■ **Task details**: What you return should be only the lines in the entries below between the one holding "Ultra Wide stretched" and the one holding "다양한 자동차 동호회의", ends included, with every picture left out.
*** Opening Exercise data ***
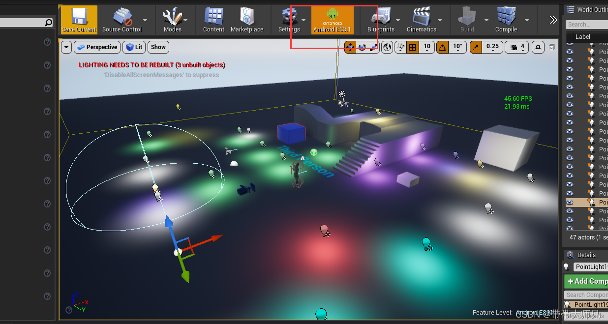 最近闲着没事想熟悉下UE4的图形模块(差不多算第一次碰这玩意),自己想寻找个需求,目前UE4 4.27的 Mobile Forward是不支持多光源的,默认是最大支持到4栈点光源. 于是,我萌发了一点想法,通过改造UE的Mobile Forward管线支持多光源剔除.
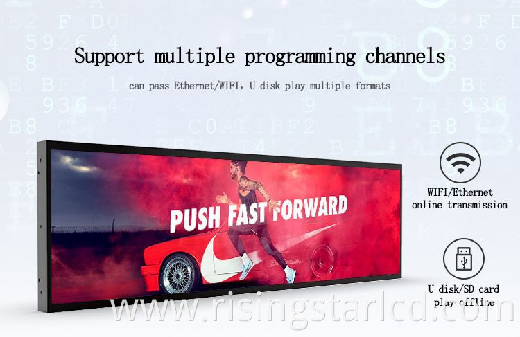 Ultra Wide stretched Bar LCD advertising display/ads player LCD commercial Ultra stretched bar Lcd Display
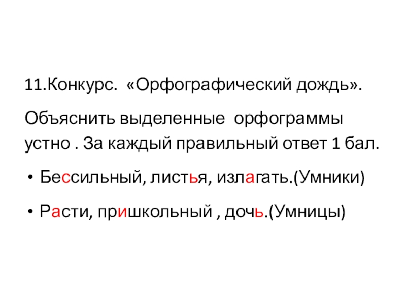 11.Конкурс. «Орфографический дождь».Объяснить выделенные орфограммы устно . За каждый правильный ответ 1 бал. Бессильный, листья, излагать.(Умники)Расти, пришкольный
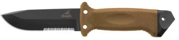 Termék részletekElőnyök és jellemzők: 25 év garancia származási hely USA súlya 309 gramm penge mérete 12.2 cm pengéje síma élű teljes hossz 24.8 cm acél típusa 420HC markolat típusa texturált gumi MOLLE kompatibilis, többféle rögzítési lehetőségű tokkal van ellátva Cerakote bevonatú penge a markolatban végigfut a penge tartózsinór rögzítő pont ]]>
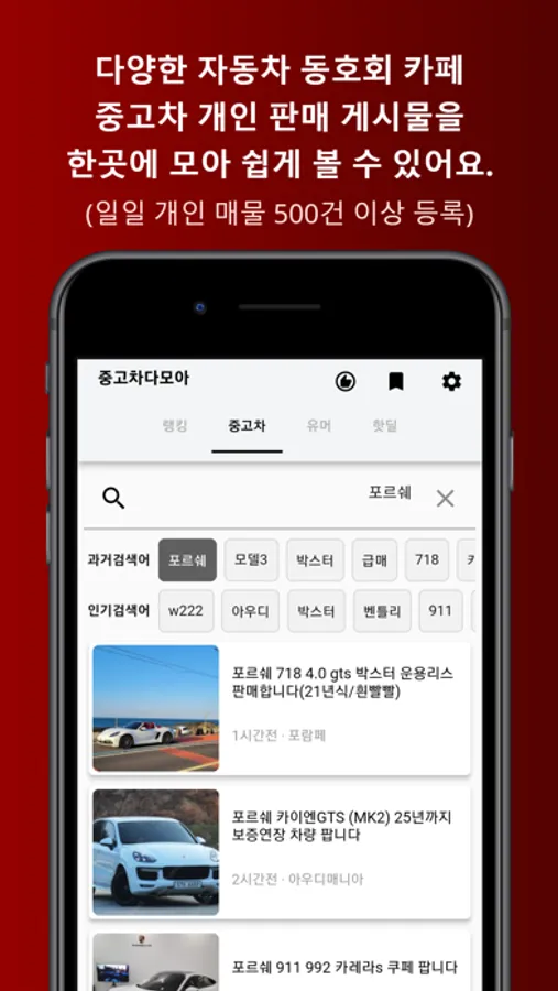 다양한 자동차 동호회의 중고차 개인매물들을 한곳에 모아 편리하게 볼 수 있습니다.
*** Closing Exercise data ***
*** Opening Exercise data ***
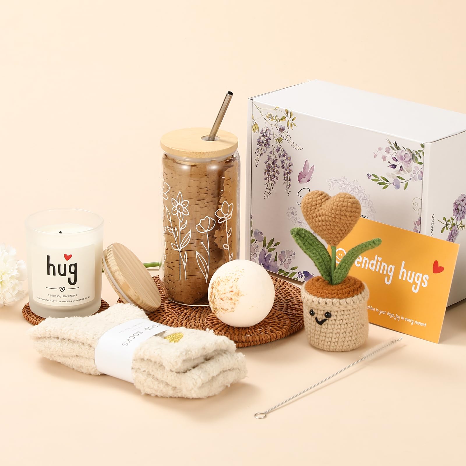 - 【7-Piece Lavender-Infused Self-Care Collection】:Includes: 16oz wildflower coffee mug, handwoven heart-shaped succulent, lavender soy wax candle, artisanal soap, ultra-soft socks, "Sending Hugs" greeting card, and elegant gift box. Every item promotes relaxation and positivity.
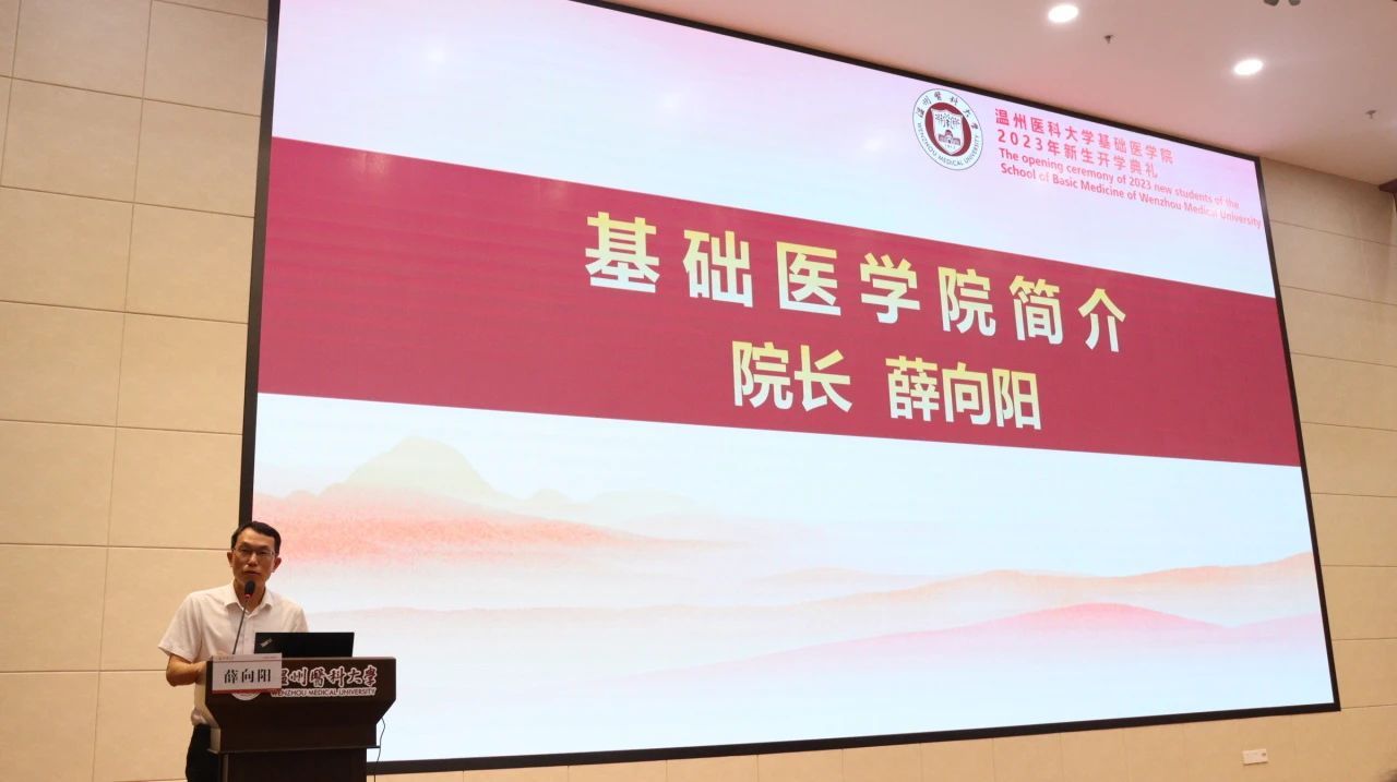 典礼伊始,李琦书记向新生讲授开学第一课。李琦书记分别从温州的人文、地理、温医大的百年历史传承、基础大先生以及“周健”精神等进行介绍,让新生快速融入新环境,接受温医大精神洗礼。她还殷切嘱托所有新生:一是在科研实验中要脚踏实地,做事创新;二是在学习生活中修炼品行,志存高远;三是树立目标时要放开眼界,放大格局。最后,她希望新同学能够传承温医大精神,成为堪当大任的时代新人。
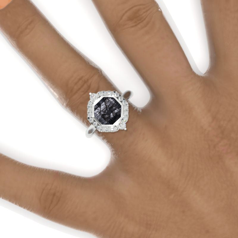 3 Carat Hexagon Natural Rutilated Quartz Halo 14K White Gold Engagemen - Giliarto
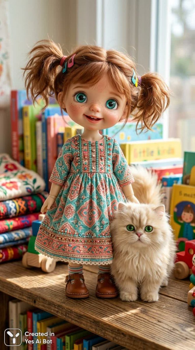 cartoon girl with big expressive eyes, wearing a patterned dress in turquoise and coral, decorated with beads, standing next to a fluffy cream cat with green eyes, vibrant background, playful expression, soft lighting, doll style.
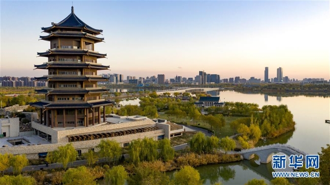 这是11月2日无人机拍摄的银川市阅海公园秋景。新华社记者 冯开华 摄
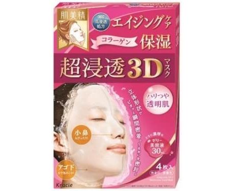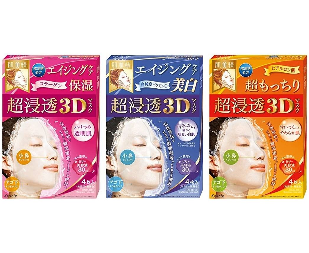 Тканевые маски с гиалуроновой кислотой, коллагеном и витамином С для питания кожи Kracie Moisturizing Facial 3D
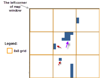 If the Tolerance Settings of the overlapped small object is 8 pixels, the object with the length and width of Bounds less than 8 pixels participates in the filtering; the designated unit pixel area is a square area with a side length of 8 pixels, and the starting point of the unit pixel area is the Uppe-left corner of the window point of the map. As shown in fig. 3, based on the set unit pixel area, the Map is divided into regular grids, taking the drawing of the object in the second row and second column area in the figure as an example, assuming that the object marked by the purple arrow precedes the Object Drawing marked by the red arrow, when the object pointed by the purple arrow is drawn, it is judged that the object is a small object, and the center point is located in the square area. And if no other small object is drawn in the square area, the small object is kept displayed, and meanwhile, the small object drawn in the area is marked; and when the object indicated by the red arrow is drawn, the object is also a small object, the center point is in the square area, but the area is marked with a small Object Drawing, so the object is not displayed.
*** Closing Exercise data ***
■ **Solution below**:
 Ultra Wide stretched Bar LCD advertising display/ads player LCD commercial Ultra stretched bar Lcd Display
 11.Конкурс. «Орфографический дождь».Объяснить выделенные орфограммы устно . За каждый правильный ответ 1 бал. Бессильный, листья, излагать.(Умники)Расти, пришкольный
 Termék részletekElőnyök és jellemzők: 25 év garancia származási hely USA súlya 309 gramm penge mérete 12.2 cm pengéje síma élű teljes hossz 24.8 cm acél típusa 420HC markolat típusa texturált gumi MOLLE kompatibilis, többféle rögzítési lehetőségű tokkal van ellátva Cerakote bevonatú penge a markolatban végigfut a penge tartózsinór rögzítő pont ]]>
 다양한 자동차 동호회의 중고차 개인매물들을 한곳에 모아 편리하게 볼 수 있습니다.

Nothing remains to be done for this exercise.